◆ Problem to work on ◆
From the first line of the listing, copy each line exactly until you have included the line with "Contura VX öppen"; leave out the pictures.
::::::::
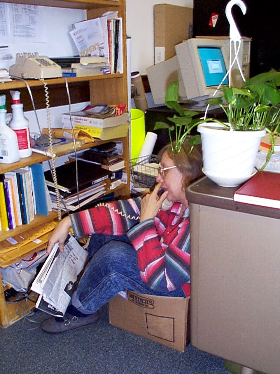 Here is my supervisor at the library. She is in a box :)
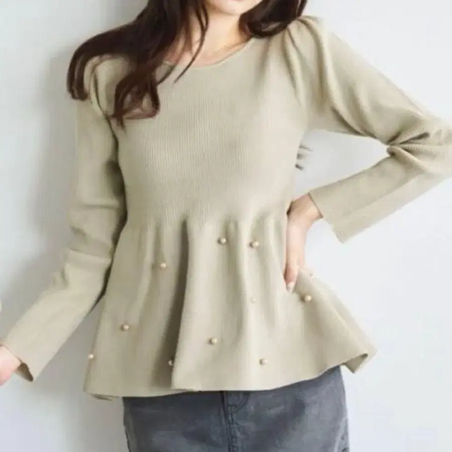 입체적인 볼륨감이 있는 페플럼이 시선을 사로잡는 니트 풀오버입니다. 가볍고 신축성이 있으며 까끌거리지 않는 것이 특징인 무연사 폴리에스테르에 비쥬를 더했습니다. 소매 부분은 실의 본뜨기를 변경하여 더운 시기에도 입기 쉽도록 했습니다. 허리부터 엉덩이까지 구조적인 다트를 눈에 띄게 넣어 볼륨감을 살린 페플럼 실루엣에 신경 썼습니다. 엉덩이를 가릴 정도의 약간 긴 기장으로, 다양한 실루엣의 팬츠나 타이트한 실루엣의 스커트와도 잘 어울립니다. 오프는 클리어 비쥬, 베이지, 블랙은 펄로 색상 전개에 따라 분위기가 달라지는 아이템으로 완성했습니다.
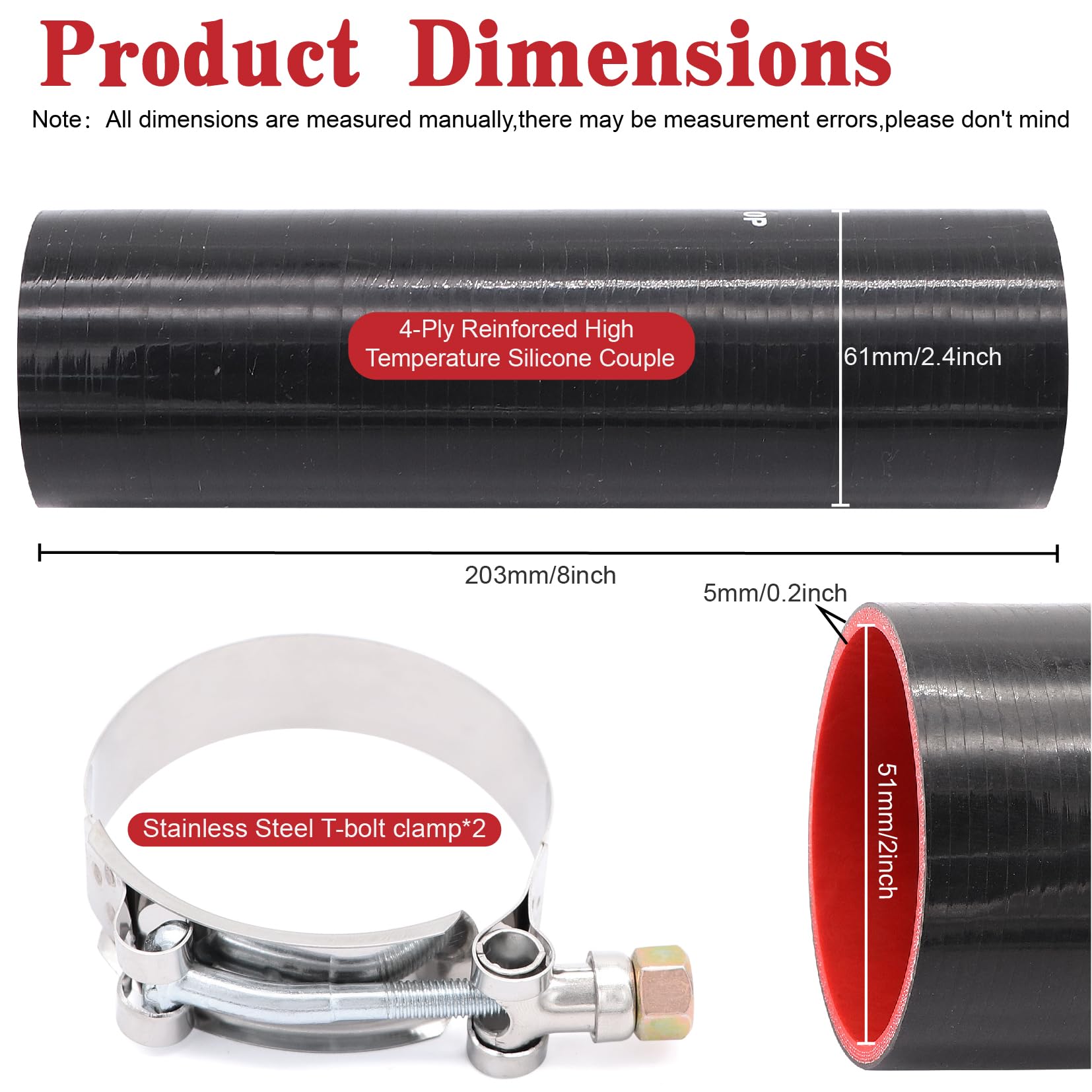 ID: 2" (51mm); Overall Length: 8-inch (203mm),4-Ply 5MM thickness
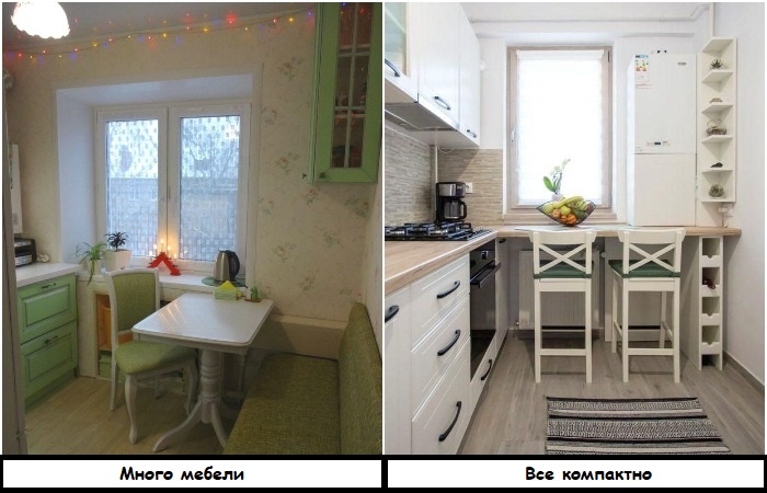 Пожалуй, это самая банальная и очевидная ошибка, но от этого не менее популярная. В попытке разместить на крохотной площади всю необходимую мебель, мы просто перегружаем комнату, делая ее невероятно тесной и неудобной. Из-за большого количества предметов не остается никакого пространства для маневров: по кухне сложно передвигаться, трудно открывать шкафы, ящики и холодильник. А еще мы постоянно цепляемся то за стул, то за уголок стола. На такой кухне не то, что готовить, даже находиться не хочется.
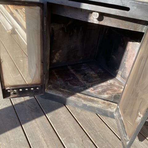 Contura VX öppen spis i svart utförande. Front med glasluckor och handtag, samt luftintag i nederkant. Rökutgång baktill. Passar för uppvärmning av inomhusmiljö där eldstadsinsats kan installeras enligt gällande regler och tillsammans med godkänd skorsten.
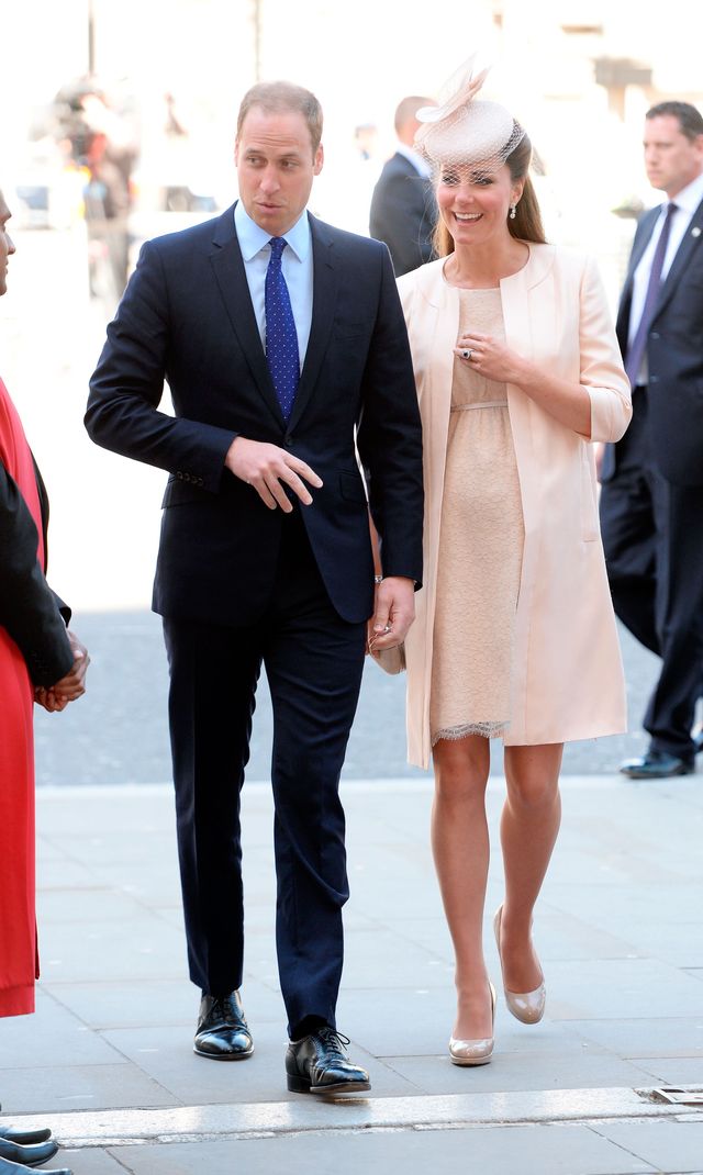 Сегодня же Кейт Миддлтон и принц Уильям посетили празднование 60-го юбилея коронации королевы Елизаветы. На торжество Кейт пришла в кружевном мини-платье нежно-розового цвета, а также в стильном плаще и шляпке, завершив образ любимыми бежевыми лодочками и клатчем.
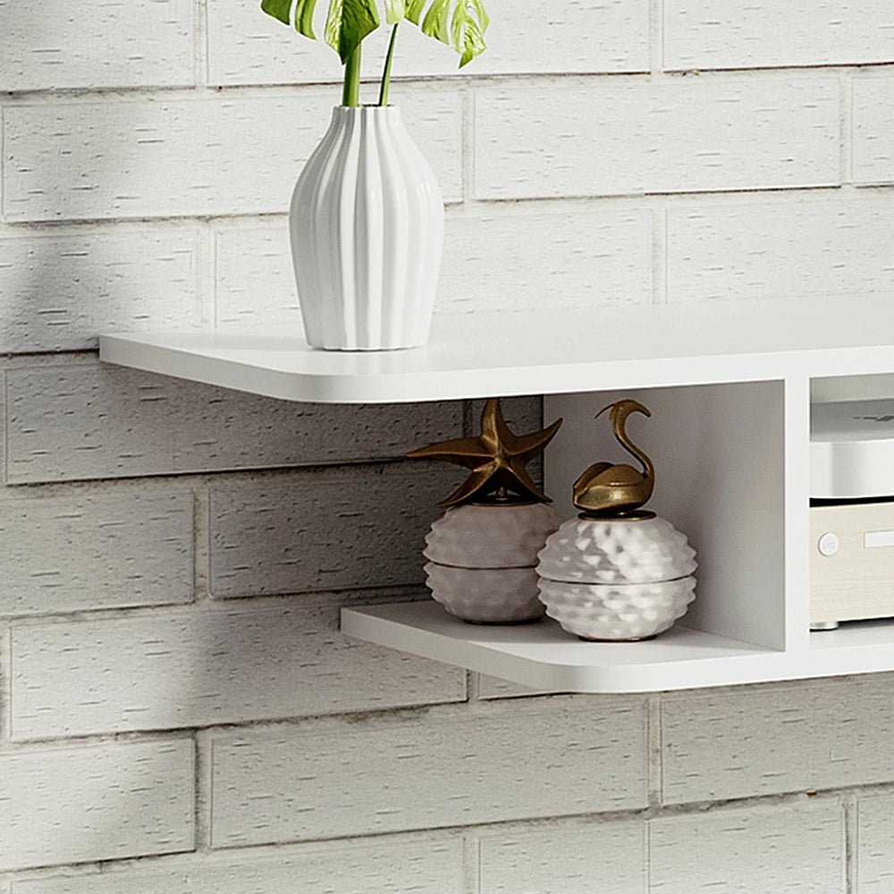 Make your space modern with this floating TV shelf, from HOMCOM. The wall-mounted design means no floor space is taken, with cable holes on the back to keep wires together and mess-free. Made from particle board, this unit is durable, with a protective melamine coating. It has a spacious middle shelf for storage; the smaller side shelves and table top offer extra display room.
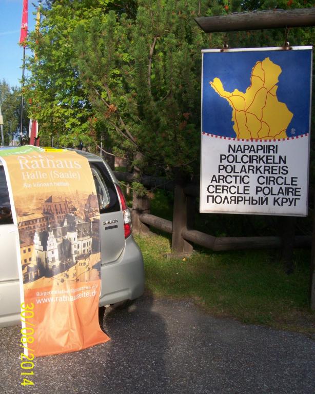 Am heutigen Freiwilligentag hat sich auch unsere Bürgerinitiative beteiligt. Am Infostand wurden Produkte mit einer Geschenkverpackung versehen. Sie sollen vor allem in der Vorweihnachtszeit das Spendenaufkommen erhöhen. Der Stand befand sich dieses Mal am Platz vor der Ulrichskirche. Unsere Vereinsfahne traf am gleichen Tage - vom Polarkreis (siehe Foto) und aus der finnischen Partnerstadt Oulu kommend - wieder in Halle ein.
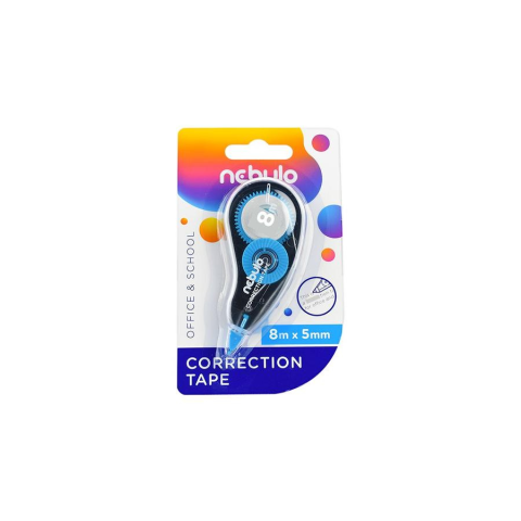 Nebuló hibajavító roller 5mm széles és 8m hosszú szalaggal. Kézhez illő forma. Kiválóan fed és tapad. Azonnal felülírható. A rugalmas hegyet, és erős szalagot védőkupak óvja.
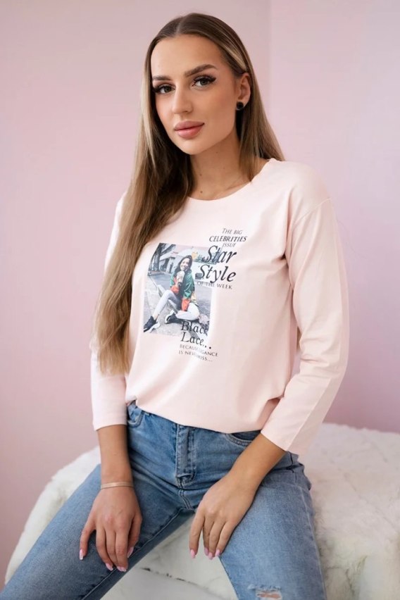 Pudroworóżowa bluzka damska z nadrukiem Star Style – Twój modowy fundament na 2026 rok
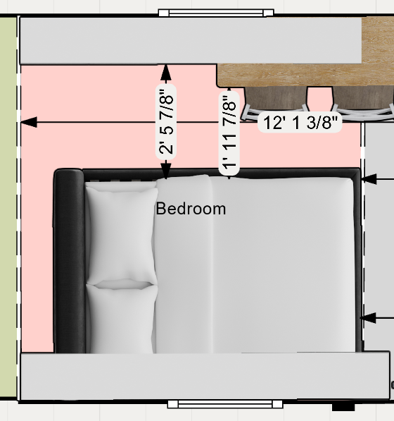 According to the current 3D and 2D layout views, the bedroom includes:
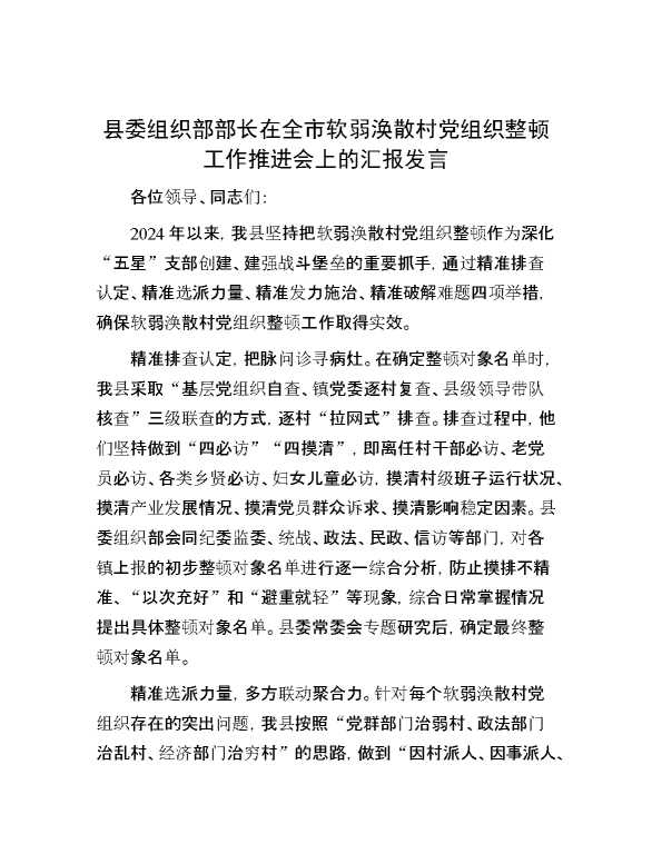 县委组织部部长在全市软弱涣散村党组织整顿工作推进会上的汇报发言 2024-10-08 Word模板 101 购买前,请一定要先点击这里看看,欢迎持续关注,精彩模板每天推送 预览结束,本文件为word文档,一共3页,共1119字,请购买后,下载后查看 购买前,请一定要先点击这里看看,欢迎持续关注,精彩模板每天推送 资源下载下载价格29 RMBVIP免费升级VIP点击检测网盘有效后购买有任何充值和下载问题请加微信:xuexixuexi66 0 演讲发言
::::::::
◆ Solved exercise ◆
 Here is my supervisor at the library. She is in a box :)
 입체적인 볼륨감이 있는 페플럼이 시선을 사로잡는 니트 풀오버입니다. 가볍고 신축성이 있으며 까끌거리지 않는 것이 특징인 무연사 폴리에스테르에 비쥬를 더했습니다. 소매 부분은 실의 본뜨기를 변경하여 더운 시기에도 입기 쉽도록 했습니다. 허리부터 엉덩이까지 구조적인 다트를 눈에 띄게 넣어 볼륨감을 살린 페플럼 실루엣에 신경 썼습니다. 엉덩이를 가릴 정도의 약간 긴 기장으로, 다양한 실루엣의 팬츠나 타이트한 실루엣의 스커트와도 잘 어울립니다. 오프는 클리어 비쥬, 베이지, 블랙은 펄로 색상 전개에 따라 분위기가 달라지는 아이템으로 완성했습니다.
 ID: 2" (51mm); Overall Length: 8-inch (203mm),4-Ply 5MM thickness
 Пожалуй, это самая банальная и очевидная ошибка, но от этого не менее популярная. В попытке разместить на крохотной площади всю необходимую мебель, мы просто перегружаем комнату, делая ее невероятно тесной и неудобной. Из-за большого количества предметов не остается никакого пространства для маневров: по кухне сложно передвигаться, трудно открывать шкафы, ящики и холодильник. А еще мы постоянно цепляемся то за стул, то за уголок стола. На такой кухне не то, что готовить, даже находиться не хочется.
 Contura VX öppen spis i svart utförande. Front med glasluckor och handtag, samt luftintag i nederkant. Rökutgång baktill. Passar för uppvärmning av inomhusmiljö där eldstadsinsats kan installeras enligt gällande regler och tillsammans med godkänd skorsten.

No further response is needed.